Joanna Erdman is an associate professor of law and the MacBain Chair in Health Law and Policy at the Schulich School of Law at Dalhousie University.
On Friday, the U.S. Supreme Court overruled Roe v. Wade. There is no doubt. No ambiguity. No legal evasion. The U.S. Constitution does not confer a right to abortion. The authority to regulate and even to prohibit abortion rests with the citizens of each state.
And so, states across America have banned or severely restricted abortion with trigger laws, which are designed to come into effect upon the court’s ruling. In yet more states, pre-Roe abortion laws that have remained on the books may come back into effect. And more laws will follow. So too will clinic closings. According to research by Advancing New Standards in Reproductive Health at the University of California, San Francisco, over a quarter of abortion clinics in the U.S., more than 200 clinics, will close. Mere hours after the ruling, workers left their clinics and locked the doors indefinitely.
In the coming days and weeks, people will desperately seek information and care against the ticking clock of their pregnancies, and many will experience extraordinary hardship in their efforts, largely those already burdened by American poverty and racism. Beyond the unwavering commitment and financial resources necessary to sustain these efforts, including interstate travel, there is the fear and humiliation of hunting for health care. There is the cruelty of the delays and denials they will face. There are the violent and exploitative practices which abortion criminalization sustains when people are forced into secrecy and silence, and when these laws become the basis for state intimidation and harassment, inviting all manner of interference and indignity into the lives of people.

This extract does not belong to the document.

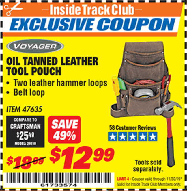 ITC OIL TANNED LEATHER TOOL POUCH Lot No. 47635 Expired: 11/30/19 - $12.99 Coupon Code: '61733574'

In the judgment, the three dissenting Supreme Court justices chastised their colleagues not to try to hide from the expansive effects of their judgment. These justices go on to catalogue the coming state laws that will criminalize every conceivable act of abortion: to provide or to have an abortion, to assist another in doing so, to speak of it and eventually even to think of it. State laws need not directly outlaw thinking about abortion. It is simply that holding abortion in your heart and mind will itself become so burdensome that the very idea of its freedom soon disappears.
Indeed, Justice Samuel Alito, who delivered the opinion of the court, writes of abortion with such disdain. In the overturning of the constitutional right to abortion, there is a mockery of it. Despite high-minded claims to constitutional text, history, and precedent, the critiques of Roe seem excessively small and common, for example, that the quality of reasoning could be improved, the court acted too much like a legislature, or that its rules are unworkable. But many constitutional judgments could be critiqued on these grounds. Robin West, a legal scholar, once wrote that the constitutional debates of U.S. abortion law “must be strangely disorienting to anyone who cares about the moral issues.”
For Justice Alito, the only moral question of abortion is the destruction of potential life. The destruction of people’s actual lives in being forced to continue a pregnancy is mere speculation, and hardly of a moral nature. Nor would overruling Roe upend any concrete legal interest, he writes, like those involving property and contract rights. The ability to control your reproductive health and life, and to participate in economic and social life because of it, carry no value for this court. You are now without the Constitution’s protection, but you were never deserving of it. There are no rights to speak of. The abortion right is unthinkable, egregiously wrong from the day Roe was decided.
In this denial, the judgment resounds beyond any abortion law to be written and will shape the future of American life. The Supreme Court could care less about the people whose lives it has so profoundly affected, and this is what the court no longer hides. The dissenting justices call out the majority’s cavalier approach to overturning precedent, a doctrine of judicial modesty and humility. “Those qualities are not evident in today’s opinion,” they note. But what of the majority’s cavalier attitude to overturning the lives of people? There is no humility in this act. There is no humanity. There is only humiliation.